## GOAL OF THE EXERCISE
In the entries below, find the line with "- Electric Garage" and the line with "Ukończyłam 4-letnie szkolenie"; give again those lines and every line between them, exactly.

BEGIN SOURCE DATA

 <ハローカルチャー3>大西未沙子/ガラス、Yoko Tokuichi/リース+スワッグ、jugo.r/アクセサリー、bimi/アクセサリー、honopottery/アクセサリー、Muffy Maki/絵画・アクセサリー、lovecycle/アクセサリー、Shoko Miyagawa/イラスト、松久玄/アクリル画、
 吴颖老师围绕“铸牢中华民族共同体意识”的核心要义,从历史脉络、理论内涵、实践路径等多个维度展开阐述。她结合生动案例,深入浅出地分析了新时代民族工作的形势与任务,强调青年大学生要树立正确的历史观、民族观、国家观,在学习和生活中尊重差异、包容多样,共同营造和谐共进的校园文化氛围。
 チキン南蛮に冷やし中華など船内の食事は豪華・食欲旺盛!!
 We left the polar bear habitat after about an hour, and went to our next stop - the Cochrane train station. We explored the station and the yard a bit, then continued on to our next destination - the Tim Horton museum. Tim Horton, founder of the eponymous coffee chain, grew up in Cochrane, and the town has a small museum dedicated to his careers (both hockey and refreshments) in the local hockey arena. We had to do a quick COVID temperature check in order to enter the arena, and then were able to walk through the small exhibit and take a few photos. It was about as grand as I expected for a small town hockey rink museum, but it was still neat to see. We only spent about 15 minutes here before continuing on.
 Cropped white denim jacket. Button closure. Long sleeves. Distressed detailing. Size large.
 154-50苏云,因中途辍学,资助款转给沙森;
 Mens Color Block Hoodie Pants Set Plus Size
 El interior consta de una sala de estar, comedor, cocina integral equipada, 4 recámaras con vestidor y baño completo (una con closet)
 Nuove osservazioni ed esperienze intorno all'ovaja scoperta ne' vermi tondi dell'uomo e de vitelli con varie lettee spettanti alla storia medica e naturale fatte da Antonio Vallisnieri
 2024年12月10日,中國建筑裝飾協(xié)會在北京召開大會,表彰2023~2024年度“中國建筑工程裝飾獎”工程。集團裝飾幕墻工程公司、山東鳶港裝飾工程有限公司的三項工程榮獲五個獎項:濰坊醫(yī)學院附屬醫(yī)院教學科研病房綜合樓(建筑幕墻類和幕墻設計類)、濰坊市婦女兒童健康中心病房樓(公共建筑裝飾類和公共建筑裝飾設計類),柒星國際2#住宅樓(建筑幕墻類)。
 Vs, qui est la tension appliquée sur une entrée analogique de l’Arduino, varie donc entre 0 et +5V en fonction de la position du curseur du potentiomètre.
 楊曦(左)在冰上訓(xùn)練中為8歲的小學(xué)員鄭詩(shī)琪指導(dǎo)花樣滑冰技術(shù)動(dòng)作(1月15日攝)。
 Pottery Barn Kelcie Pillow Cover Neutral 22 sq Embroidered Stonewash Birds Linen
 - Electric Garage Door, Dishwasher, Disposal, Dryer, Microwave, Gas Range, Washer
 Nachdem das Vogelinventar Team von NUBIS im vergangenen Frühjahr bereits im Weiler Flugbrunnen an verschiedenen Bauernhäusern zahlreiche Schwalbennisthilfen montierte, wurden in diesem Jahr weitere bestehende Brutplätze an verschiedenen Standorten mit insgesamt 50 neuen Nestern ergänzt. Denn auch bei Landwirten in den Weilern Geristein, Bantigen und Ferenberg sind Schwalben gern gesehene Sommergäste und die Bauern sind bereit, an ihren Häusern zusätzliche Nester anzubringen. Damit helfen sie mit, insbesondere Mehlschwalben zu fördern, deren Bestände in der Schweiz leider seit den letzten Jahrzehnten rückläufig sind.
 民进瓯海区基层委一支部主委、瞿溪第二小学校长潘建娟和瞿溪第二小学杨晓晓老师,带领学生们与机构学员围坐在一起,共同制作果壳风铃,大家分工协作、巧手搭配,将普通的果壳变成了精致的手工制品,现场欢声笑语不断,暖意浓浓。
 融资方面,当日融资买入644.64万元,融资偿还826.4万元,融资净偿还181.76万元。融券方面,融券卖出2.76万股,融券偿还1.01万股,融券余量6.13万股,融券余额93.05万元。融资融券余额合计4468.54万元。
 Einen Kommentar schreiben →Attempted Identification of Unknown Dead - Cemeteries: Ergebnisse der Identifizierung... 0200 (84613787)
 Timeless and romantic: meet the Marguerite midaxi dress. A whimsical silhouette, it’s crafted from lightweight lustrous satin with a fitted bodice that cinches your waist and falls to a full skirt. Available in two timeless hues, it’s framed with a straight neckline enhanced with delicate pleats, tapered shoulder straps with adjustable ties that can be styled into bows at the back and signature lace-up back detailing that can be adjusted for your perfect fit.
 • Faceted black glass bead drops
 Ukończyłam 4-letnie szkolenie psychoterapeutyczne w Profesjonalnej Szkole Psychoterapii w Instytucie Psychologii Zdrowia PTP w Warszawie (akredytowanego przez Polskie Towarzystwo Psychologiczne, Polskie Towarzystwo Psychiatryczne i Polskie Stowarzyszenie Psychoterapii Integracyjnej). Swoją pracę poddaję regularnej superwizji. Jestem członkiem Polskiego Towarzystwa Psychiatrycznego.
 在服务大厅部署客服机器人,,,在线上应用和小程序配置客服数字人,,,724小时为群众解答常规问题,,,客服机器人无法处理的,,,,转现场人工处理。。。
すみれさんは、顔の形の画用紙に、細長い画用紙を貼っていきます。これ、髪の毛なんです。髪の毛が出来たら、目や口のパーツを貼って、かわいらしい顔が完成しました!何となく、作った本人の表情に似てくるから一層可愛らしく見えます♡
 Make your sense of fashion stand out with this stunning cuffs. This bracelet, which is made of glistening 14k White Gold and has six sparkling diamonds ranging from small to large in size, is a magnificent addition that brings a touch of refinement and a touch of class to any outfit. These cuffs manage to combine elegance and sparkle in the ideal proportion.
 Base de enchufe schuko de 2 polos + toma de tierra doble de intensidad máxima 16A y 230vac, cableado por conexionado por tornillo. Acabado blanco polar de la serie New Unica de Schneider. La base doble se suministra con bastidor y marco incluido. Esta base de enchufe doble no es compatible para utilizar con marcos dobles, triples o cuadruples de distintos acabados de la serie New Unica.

END SOURCE DATA

## TASK OUTPUT
 - Electric Garage Door, Dishwasher, Disposal, Dryer, Microwave, Gas Range, Washer
 Nachdem das Vogelinventar Team von NUBIS im vergangenen Frühjahr bereits im Weiler Flugbrunnen an verschiedenen Bauernhäusern zahlreiche Schwalbennisthilfen montierte, wurden in diesem Jahr weitere bestehende Brutplätze an verschiedenen Standorten mit insgesamt 50 neuen Nestern ergänzt. Denn auch bei Landwirten in den Weilern Geristein, Bantigen und Ferenberg sind Schwalben gern gesehene Sommergäste und die Bauern sind bereit, an ihren Häusern zusätzliche Nester anzubringen. Damit helfen sie mit, insbesondere Mehlschwalben zu fördern, deren Bestände in der Schweiz leider seit den letzten Jahrzehnten rückläufig sind.
 民进瓯海区基层委一支部主委、瞿溪第二小学校长潘建娟和瞿溪第二小学杨晓晓老师,带领学生们与机构学员围坐在一起,共同制作果壳风铃,大家分工协作、巧手搭配,将普通的果壳变成了精致的手工制品,现场欢声笑语不断,暖意浓浓。
 融资方面,当日融资买入644.64万元,融资偿还826.4万元,融资净偿还181.76万元。融券方面,融券卖出2.76万股,融券偿还1.01万股,融券余量6.13万股,融券余额93.05万元。融资融券余额合计4468.54万元。
 Einen Kommentar schreiben →Attempted Identification of Unknown Dead - Cemeteries: Ergebnisse der Identifizierung... 0200 (84613787)
 Timeless and romantic: meet the Marguerite midaxi dress. A whimsical silhouette, it’s crafted from lightweight lustrous satin with a fitted bodice that cinches your waist and falls to a full skirt. Available in two timeless hues, it’s framed with a straight neckline enhanced with delicate pleats, tapered shoulder straps with adjustable ties that can be styled into bows at the back and signature lace-up back detailing that can be adjusted for your perfect fit.
 • Faceted black glass bead drops
 Ukończyłam 4-letnie szkolenie psychoterapeutyczne w Profesjonalnej Szkole Psychoterapii w Instytucie Psychologii Zdrowia PTP w Warszawie (akredytowanego przez Polskie Towarzystwo Psychologiczne, Polskie Towarzystwo Psychiatryczne i Polskie Stowarzyszenie Psychoterapii Integracyjnej). Swoją pracę poddaję regularnej superwizji. Jestem członkiem Polskiego Towarzystwa Psychiatrycznego.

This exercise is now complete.